Microscopic examination: The animal found dead on day 2 showed hyperaemia, focal haemorrhages, oedema and slight interstitial pneumonia in the lungs. In the nasal cavity, slight olfactory epithelium degeneration and slight rhinitis was observed. The animal found dead on day 3 showed hyperaemia, multifocal haemorrhages and moderate interstitial pneumonia in the lungs. In the nasal cavity, slight olfactory epithelial degeneration and slight rhinitis was observed. In agreement with the observed haemorrhagic discharge, blood was found in the nasal cavity. The remaining animals of the high concentration group showed slight to moderate interstitial pneumonia. Focal alveolitis was found in one animal of the mid concentration group and two animals of the low concentration group. Slight degeneration of the olfactory epithelium was found in the nasal cavity of the remaining animals of the high concentration group. All animals of the midconcentration group, showed olfactory epithelial degeneration as well, albeit to a lesser extent. Olfactory epithelial degeneration was not observed in the control or low concentration groups. The other histological observations were unremarkable.
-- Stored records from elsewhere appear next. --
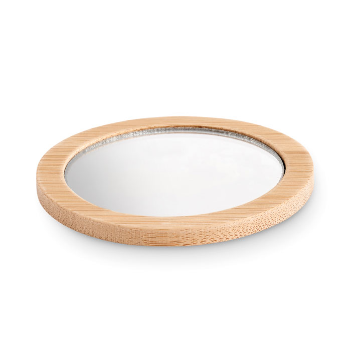 Okrągłe bambusowe jednostronne lusterko do makijażu. To małe lusterko jest idealnym niezbędnikiem, kiedy chcesz wykonać makijaż lub szybko sprawdzić, jak wyglądasz. Zapakowane jest w bawełniane etui z sznurkiem. Bambus jest produktem naturalnym, mogą wystąpić niewielkie różnice w kolorze i wielkości poszczególnych elementów, co może mieć wpływ na końcowy efekt dekoracji. FSC®-certified | FSC 100%, N5.7, FSC-C213206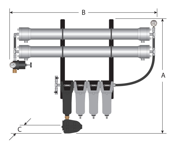 N/A Air from your plant compressed air system enters the system through the inlet ports (A). It then passes through a nano NWS centrifugal water separator to remove any bulk condensate (B). Collected condensate is expelled from the system using a nano NMD magnetic zero air loss drain (C). The air then passes through three nano NF filters in series: an M1 1.0 micron coalescing filter (D), an M01 0.01 micron coalescing filter (E), and an AC activated carbon filter (F). This removes remaining liquid aerosols, solid particulate and oil vapor. The air then passes through one or more membrane Nitrogen generators (G). The generator contains hundreds of thousands of hollow fibers which separate the Nitrogen from the air through a process known as selective permeation. The walls of these fibers allow Oxygen and water vapor molecules to pass through but not Nitrogen. A simple manual valve (H) controls the flow and thereby the purity of the Nitrogen. Clean, pure, dry Nitrogen then flows out of the outlet port to your downstream process. |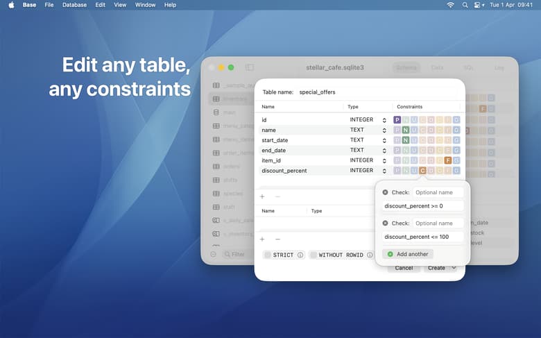 No need to fight with long-winded CREATE TABLE statements! You can add, edit and delete columns or constraints from a single sheet. Base has made the creating and maintaining of tables simpler than ever.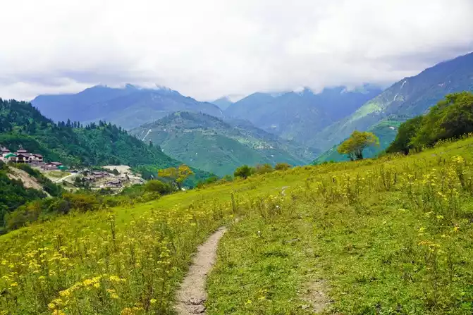 Who would have thought that just 15km away from Jiuzhaigou, separated by a mountain, lies such a secluded and untouched secret? Here, you'll find pristine snow-capped mountains, lush green grasslands, and the simple and honest Tibetan people, a place steeped in history, tranquility, and undisturbed tranquility. This is the tranquil and beautiful Zhongchagou, adjacent to the Hotel Indigo Jiuzhaigou. Zhongchagou maintains its original Tibetan village style, with wooden houses nestled side by side and colorful prayer flags fluttering in the wind. It's a breathtaking sight, a stark contrast to the vibrant lights of Jiuzhaigou and Luneng. Entering the tranquil and peaceful Zhongchagou, wildflowers emanate their delicate fragrance, lush green grass blankets the alpine grasslands, and cattle and sheep dot the landscape. Staggered with withered wood fences and solitary, towering trees rise from the mountains, creating a picturesque scene. From the depths of the village, the sound of people reading echoes across the desolate mountaintops, like a magnificent symphony playing in the valley.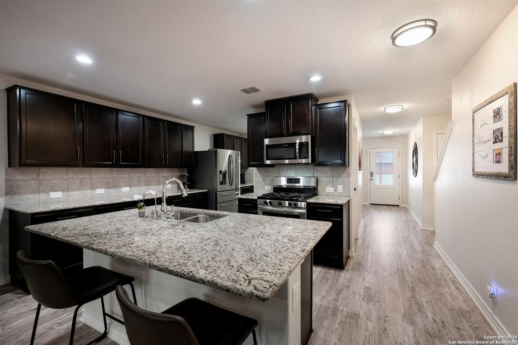 Welcome to your future home in the highly sought-after Valley Ranch community! This stunning 5-bedroom, 2.5-bathroom property offers a perfect blend of comfort and modern upgrades. The main floor boasts a spacious owner's suite with a luxurious bath, a large walk-in closet, and an open-concept living space that flows seamlessly from the gourmet kitchen to the dining and living areas. The kitchen is a chef's dream, featuring granite countertops, a large prep island with bar seating, a gas range, and a dedicated coffee bar. Upstairs, you'll find a huge bonus room, four additional bedrooms, and a full bath. The home is equipped with paid-off solar panels, an expanded driveway, and a screened-in porch that spans the full width of the home, with ceiling fans for year-round comfort. The garage also includes a new mini-split AC unit, making it a versatile space for any need. Valley Ranch offers an incredible lifestyle with amenities like a 24-hour fitness center, multiple pools, tennis and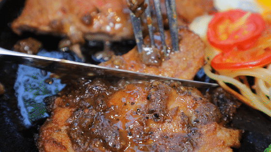 颜值超高的英伦风情贵妃鸡排,女生的最爱!金黄酥脆,外焦里嫩,淋上浓郁的黑胡椒酱汁,咬上一口,丰腴的肉汁顷刻充满口腔!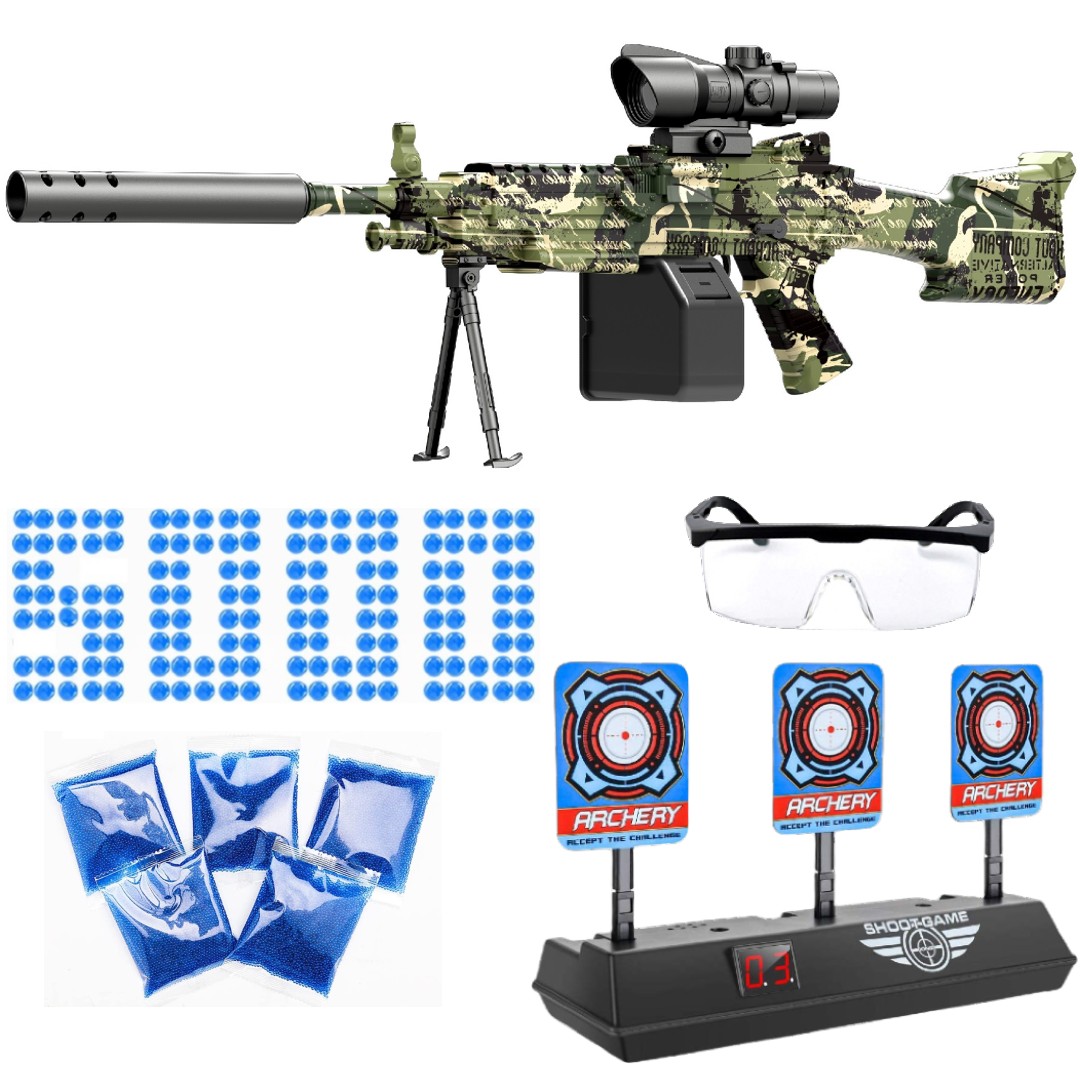 Karabin na kulki żelowe automatyczny moro z kwadratowym magazynkiem M249 + okulary + tarcza elektroniczna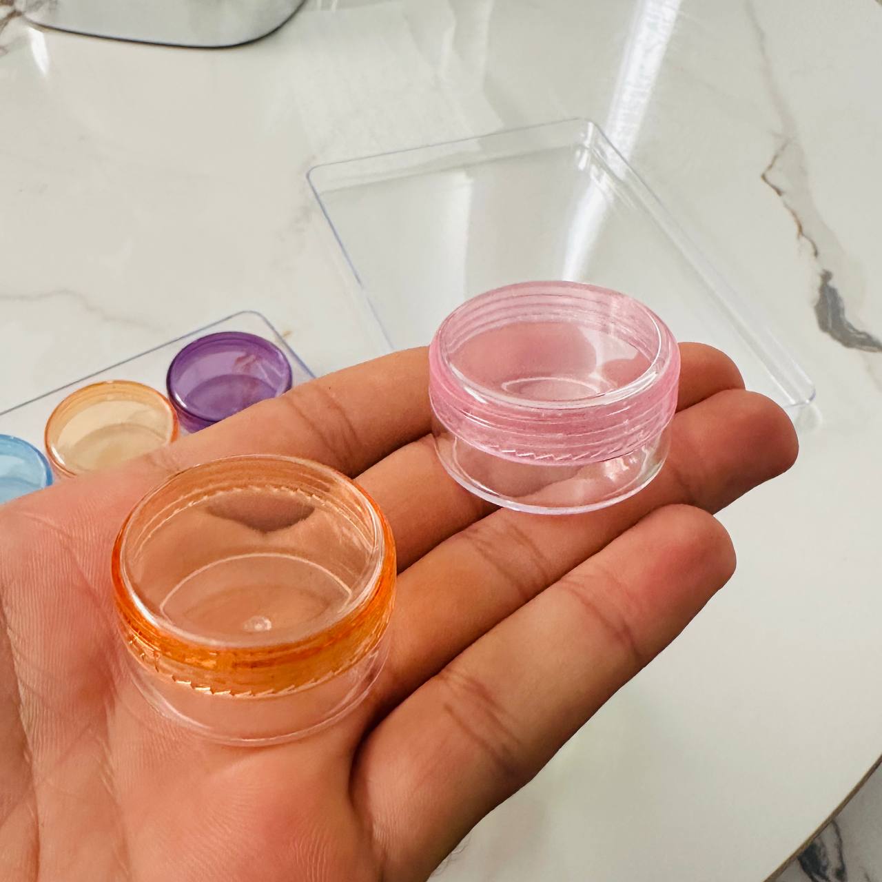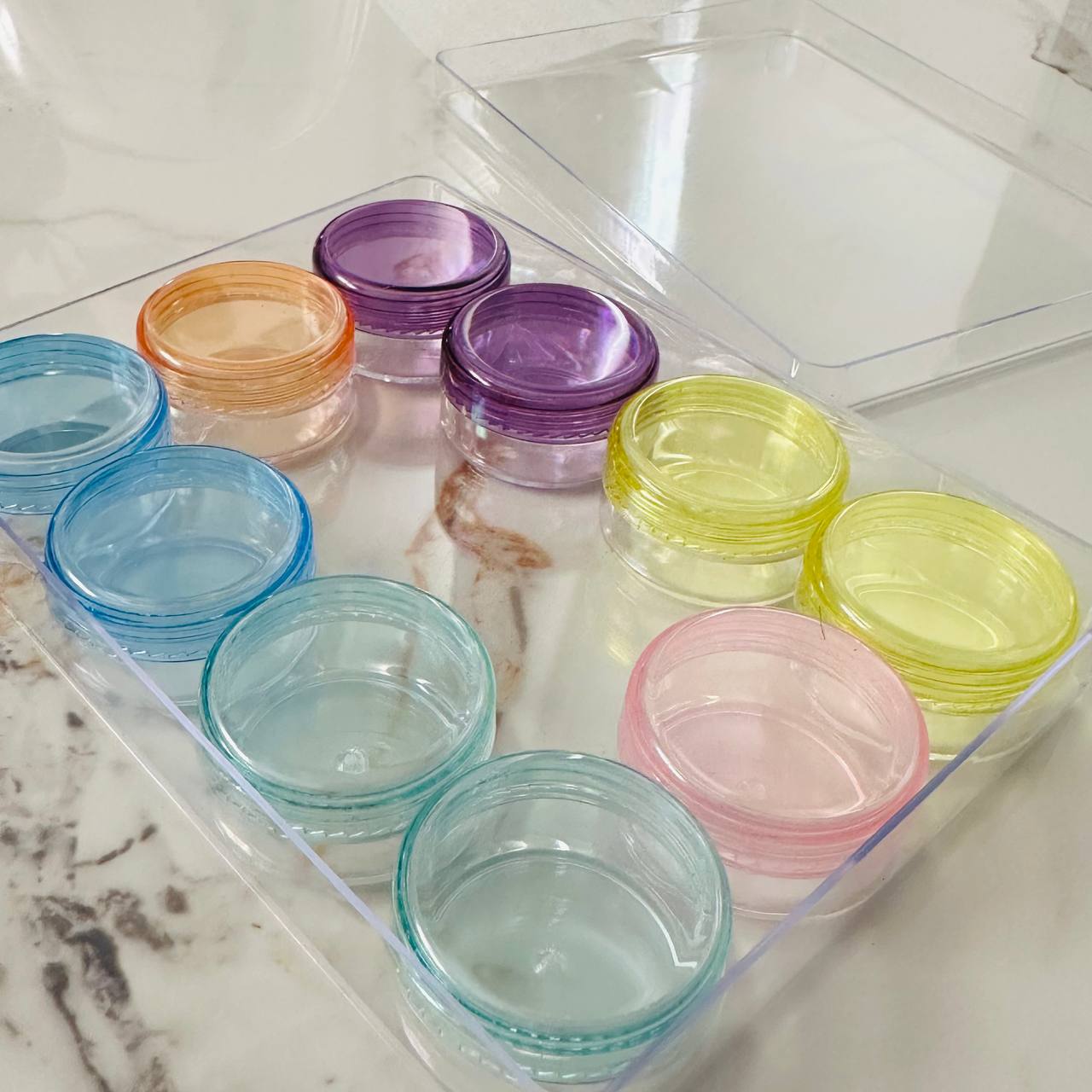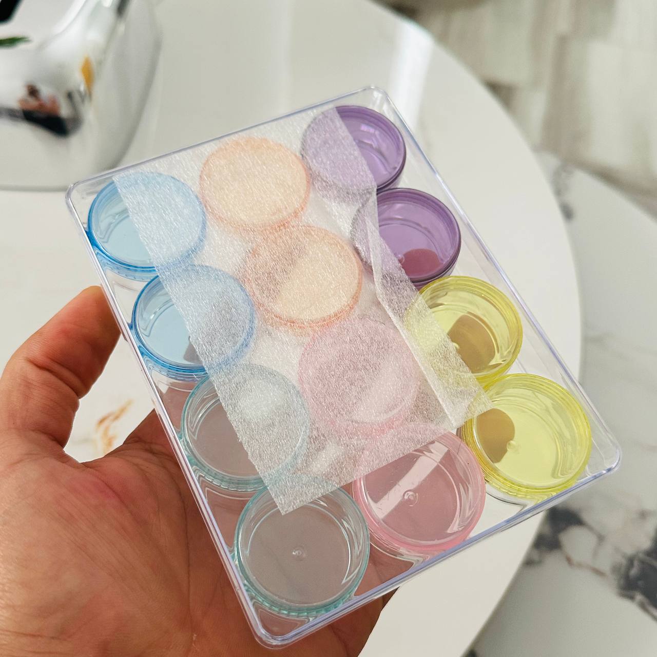 مجموعة 12 علبة كرستال ملونة 10 جرام مع حافظة فاخرة بغطاء لتقسيمات مواد العناية

Applicant's summary and conclusion

Interpretation of results:

very toxic

Remarks:

Migrated information Criteria used for interpretation of results: EU

Conclusions:

A single 6-hour exposure to a target concentration of 50 mg/m3 Nocolok Zn Flux resulted in mortality in 2/6 animals. Using Haber's rule, the LC50 is therefore estimated to be greater then 75 mg/m3 using Haber's rule.

Executive summary:

In a GLP-compliant 7-day range finding study groups of 3 animals/sex were exposed to target concentrations of 0 (control), 2, 10 or 50 mg/m3 Nocolok Zn Flux. In the weekend following the first 6-hour exposure to 50 mg/m3, 2/6 of the animals of the high concentration group were found dead. Histopathological examination revealed hyperaemia, haemorrhages and interstitial pneumonia in the lungs, and olfactory epithelial degeneration and rhinitis in the nasal tissues of these animals. After a reduced 3-hour exposure period to 50 mg/m3 Nocolok Zn Flux on the second exposure day, the target concentration for the high concentration group was reduced to 25 mg/m3 for the remainder of the study. The surviving animals of the high concentration group showed decreased body weight gain and food consumption; increased lung weights and spongy lungs at necropsy; and histopathological examination revealed interstitial pneumonia and degeneration of olfactory epithelium in the nasal cavity. At the mid concentration level, increased lung weights were observed in females, all animals showed olfactory epithelial degeneration (though less severe than at the high concentration), and one female also showed focal alveolitis. The focal alveolitis was also found in the lungs of two animals of the low concentration group, exposed to a target concentration of 2 mg/m3 Nocolok Zn Flux. The LC33 is therfore 50 mg/m3. If Haber's rule is applied, the 4 -hour LC33 would be 75 mg/m3. The LC50 will be above this concentration.